Stored records
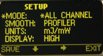 · Configuración: se utiliza para seleccionar opciones del instrumento, incluido el modo de visualización (gráfico, referencia, todos los canales), frecuencia de muestreo efectiva (suave), unidades (J/W, mJ/mW o μJ/μW) y brillo de la pantalla.
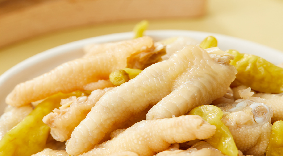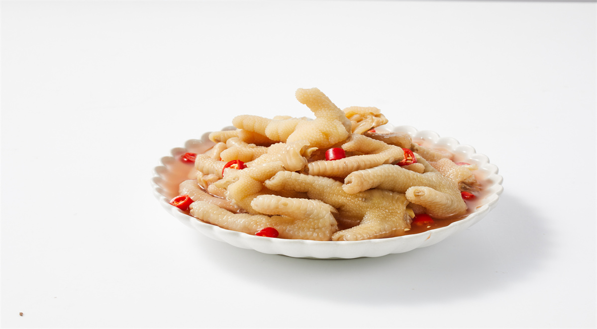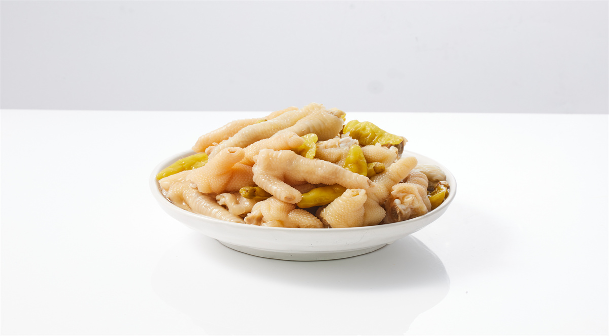 特点:以优质鸡爪为原料, 选用复合乳酸菌种与天然香料,通过人工 控制发酵方法泡制而成。产品色泽美观, 香辣纯正,略带乳酸,鸡肉的鲜香与泡菜 的爽脆相结合,好吃又开胃。
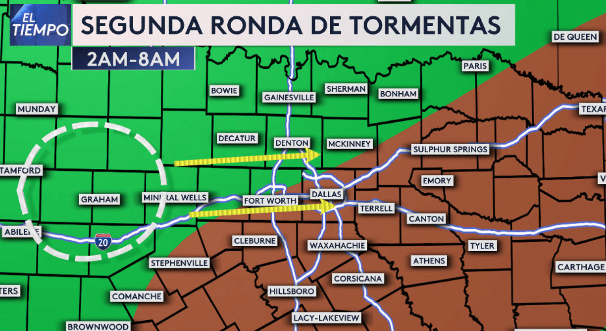 La primera ronda de tormentas se estará desarrollando sobre los condados Erath, Comanche y Bosque. Este grupo de tormentas se estará desplazando a través del Metroplex a partir de las 5pm hasta las 11pm. Con esta ronda la amenaza principal es por vientos dañinos, granizos y algún tornado aislado.
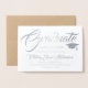 Tipografia de Script Artístico Anúncio de Cartão de Formandos de Foto Convite na orientação horizontal. Linda folha prateada em papel de cartão estilo kraft castanho, com o logotipo do ícone do boné de formatura da placa de mortarboard. Maravilhoso e clássico para qualquer formando macho ou fêmea. O moderno anúncio sofisticado de graduação é ideal para formandos de nível universitário ou segundos graus de rico. Design de Elegante Clássico Formal com escrevendo de fonte de script estático. Opção barata e excelente em vez de anúncios escolares oficiais. A graduação formal a tradicional e clássica convida a qualquer pessoa, seja ela escola de formando, escola de comércio, enfermagem, medicina ou faculdade de direito.
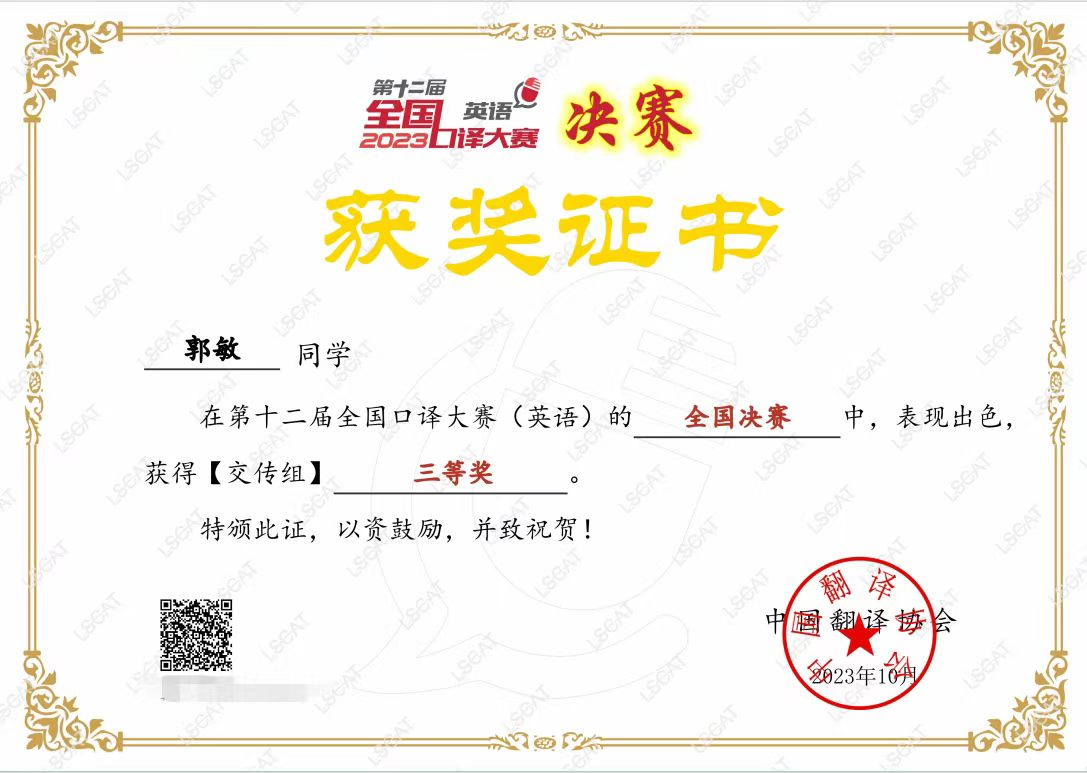 口耳相传,“译”展风采|信誉最好的十大体育平台在第十二届全国口译大赛(英语)比赛中喜获佳绩
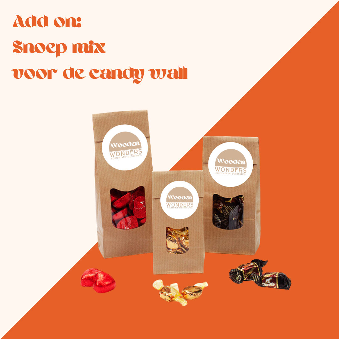 Maak je Candy Wall compleet door direct bij Wooden Wonders zakjes snoep te bestellen. Wij bieden een kleurrijke selectie van schepsnoep aan die we samen met de Candy Wall bij je leveren, zodat je deze meteen kunt vullen. Snel, gemakkelijk én feestelijk!
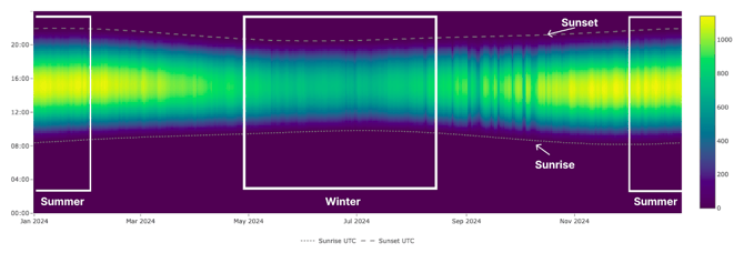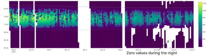 When the data is healthy, the carpet plot forms a clear and recognizable pattern that follows the movement of the sun. Daytime irradiance appears as a band of color that rises in the morning, peaks around midday, and gradually decreases toward sunset.
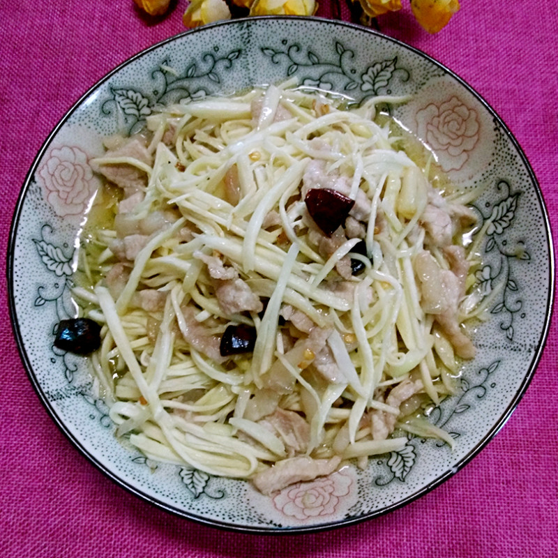 瘦肉100g;笋100g;姜几片;蒜2瓣;
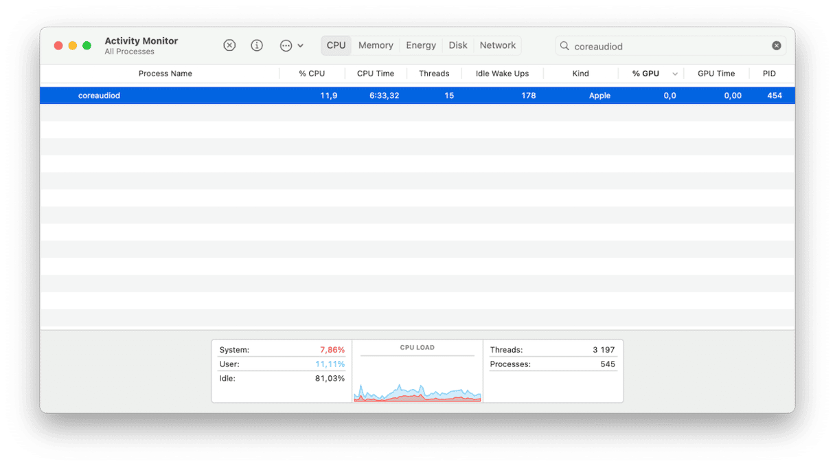 转到“应用程序”>“实用程序”并打开“活动监视器”。单击“CPU”选项卡。您应该会看到按所使用的 CPU 周期百分比排序的进程列表。如果 coreaudiod 的 CPU 使用率较高,您会在列表顶部或附近看到它。

## The task
Beginning with the first entry above, reproduce every line verbatim until the line with "控制发酵方法泡制而成。产品色泽美观, 香辣纯正,略带乳酸,鸡肉的鲜香与泡菜 的爽脆相结合,好吃又开胃。", which is included too; omit pictures.

## Expected output
 · Configuración: se utiliza para seleccionar opciones del instrumento, incluido el modo de visualización (gráfico, referencia, todos los canales), frecuencia de muestreo efectiva (suave), unidades (J/W, mJ/mW o μJ/μW) y brillo de la pantalla.
 特点:以优质鸡爪为原料, 选用复合乳酸菌种与天然香料,通过人工 控制发酵方法泡制而成。产品色泽美观, 香辣纯正,略带乳酸,鸡肉的鲜香与泡菜 的爽脆相结合,好吃又开胃。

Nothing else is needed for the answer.